Let’s first load the library with from community import community_louvain
. You might have to install it first? Run the code below.
Louvain requires undirected graphs. We create an undirected copy with g = G.to_undirected()
.
Now let’s create the optimal partition of the graph according to Louvain. Run partition = community_louvain.best_partition(g)
. Print out the items of the resulting dictionary with partition.items()
. These contain the nodes and the partition they belong to.
Louvain creates four partitions (0 - 3). Let’s plot these partitions by colour-coding the nodes. Run:
pos = nx.spring_layout(g)
nx.draw(g, pos, node_color=list(partition.values()), with_labels=True, cmap=plt.cm.Set3)

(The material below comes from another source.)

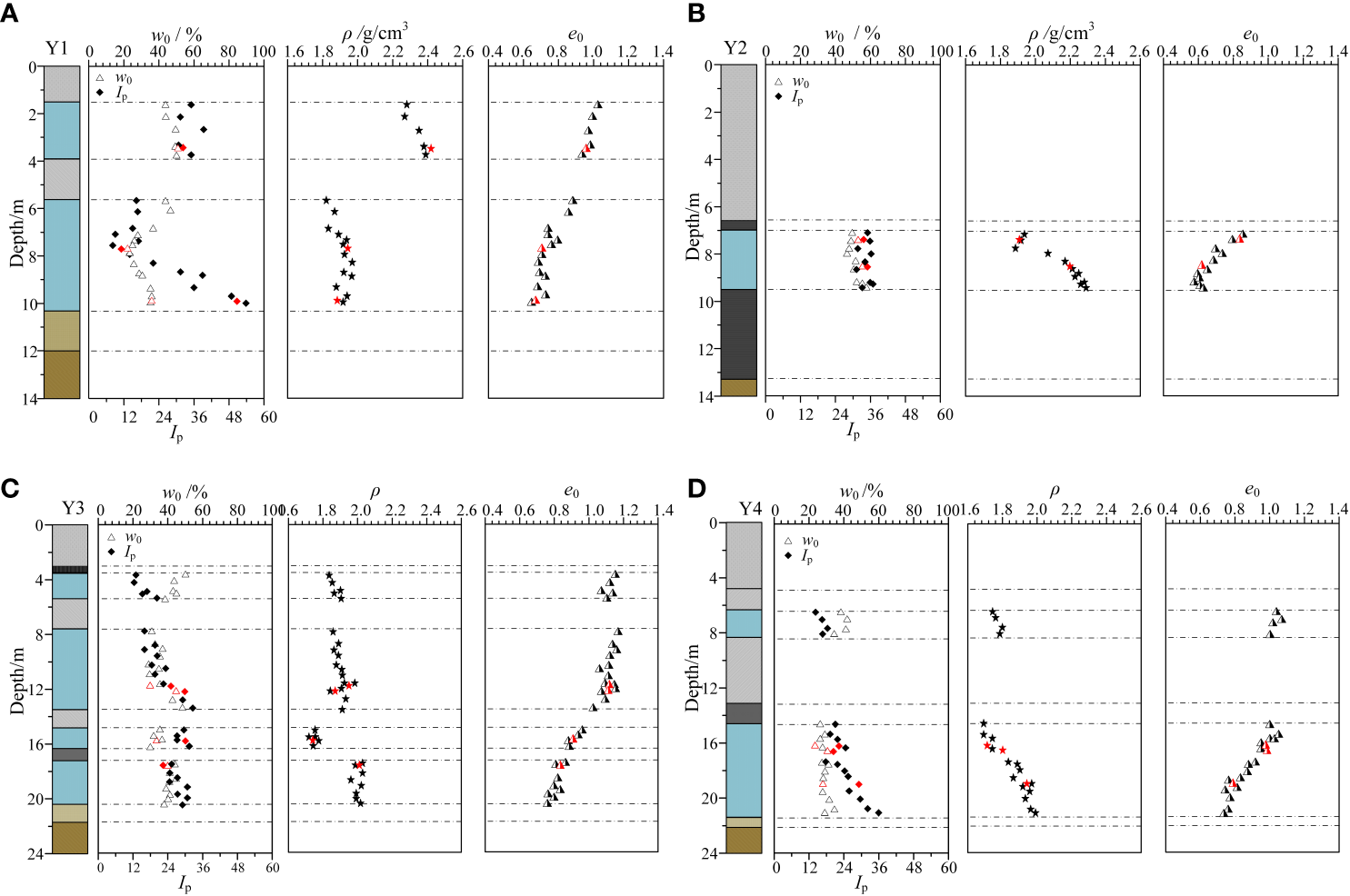Index properties of marine clay versus depth. (A–D are four different boreholes).

cmap=plt.cm.Set3 is new and chooses a colormap for Python to assign a colour to each partition. Colormaps are very powerful: https://www.analyticsvidhya.com/blog/2020/09/colormaps-matplotlib/
This graph already indicates that some members hold the whole network together by being the main link between the various 4 communities Lourain has detected. Let’s investigate this further and visualise the degree by which members are connected to other members.
A graph degree counts the number of connections a member has to other members. Let’s overwrite the size of each nodes with the degree.
First though we need to calculate the degree for each node. That’s very easy using the degree function. Simply type
degree_list = [50*g.degree[n] for n in g.nodes()]
degree_list[:5]
Now, let’s reassign the size of the nodes with setting vertex_size= vertex_size=graph.degree()
.
The new graph clearly shows where the potential breaking points in the network are. Social network analysis is a very powerful tool with a large community already out there. Check out the Internet and happy playing!